What happened in ‘The Believer’?

The seventh episode of season 2 featured the return of Migs Mayfeld, the character played by Burr first seen in season 1. At the start of the episode, Mayfeld is serving time at a work camp when Cara Dune enlists him on a mission to help the Mandalorian rescue the child from Moff Gideon. They need Mayfeld’s knowledge of Imperial codes to help them retrieve information. 

Mayfeld and the Mandalorian hijack a vehicle to get them to the terminal they need, and Mayfeld notices ordinary people on the planet and muses how the empire really isn’t that different from any other ruling class. He tells the Mandalorian: “You said you couldn’t take your helmet off, and now you’ve got a Stormtrooper one on. So what’s the rule? Is it that you can’t take off your Mando helmet or that you can’t show your face? Because there is a difference. … Everybody’s got their lines they don’t cross until things get messy.”

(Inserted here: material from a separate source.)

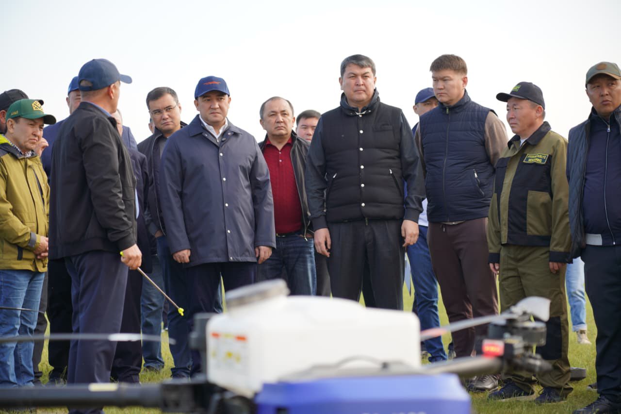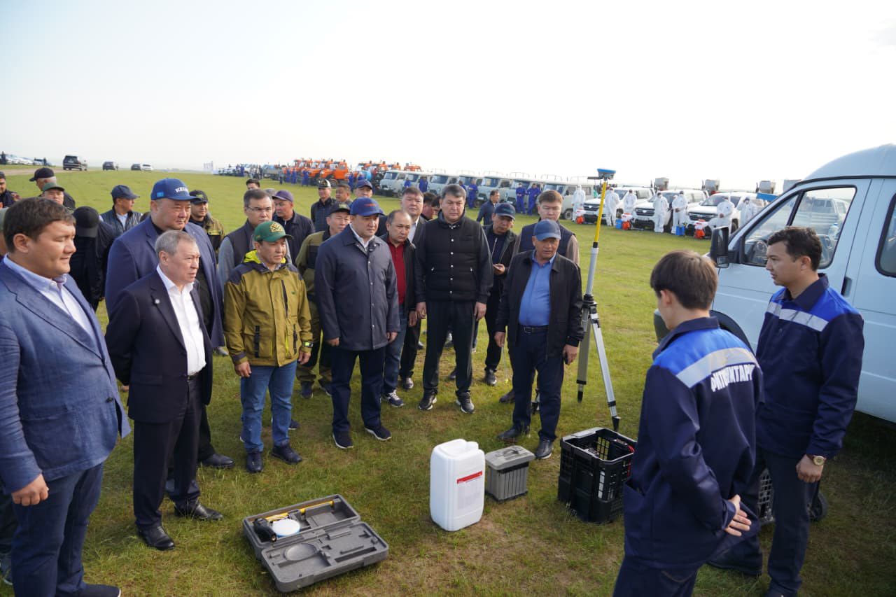 🔰Өңір басшысына шегірткеге қарсы қолданылатын арнайы техникалар мен дәрі-дәрмектер таныстырылып, зиянкестер шоғырланған ошақтарда жүргізіліп жатқан химиялық өңдеу жұмыстары көрсетілді. Облыс әкімі жауаптыларға жұмысты сапалы әрі уақтылы атқаруды тапсырды.

What’s ironic about this is that Burr was known to have disdain for Star Wars before he was cast in the show. Screen Rant found that a fan had dubbed one of Burr’s anti-Star Wars monologues over his Mayfeld dialogue. Casting Burr was a potential minefield, given how toxic fandom sometimes becomes. But some fans ate up Burr’s character — even when he was abrasive. 

How did fans react to ‘The Believer’?

Fans on Reddit took notice not only of the discomfort but the fact that it has precedent. One wrote, “This is my favorite chapter of the series. Things suddenly got realistic, and I felt uncomfortable. I haven’t felt that way since Yoda and Mace Windu overlooked the Clone Army of the Republic… right beside Palpatine.”

Another fan even brought up the notion of comfort, saying, “His talk with Din about how people don’t want freedom but a leader to follow, that’s EXACTLY how the First Order took over the galaxy in a few days. They took the charge the people of the galaxy were waiting for, unfortunately for dark reasoning but it was comfort. Loved that.”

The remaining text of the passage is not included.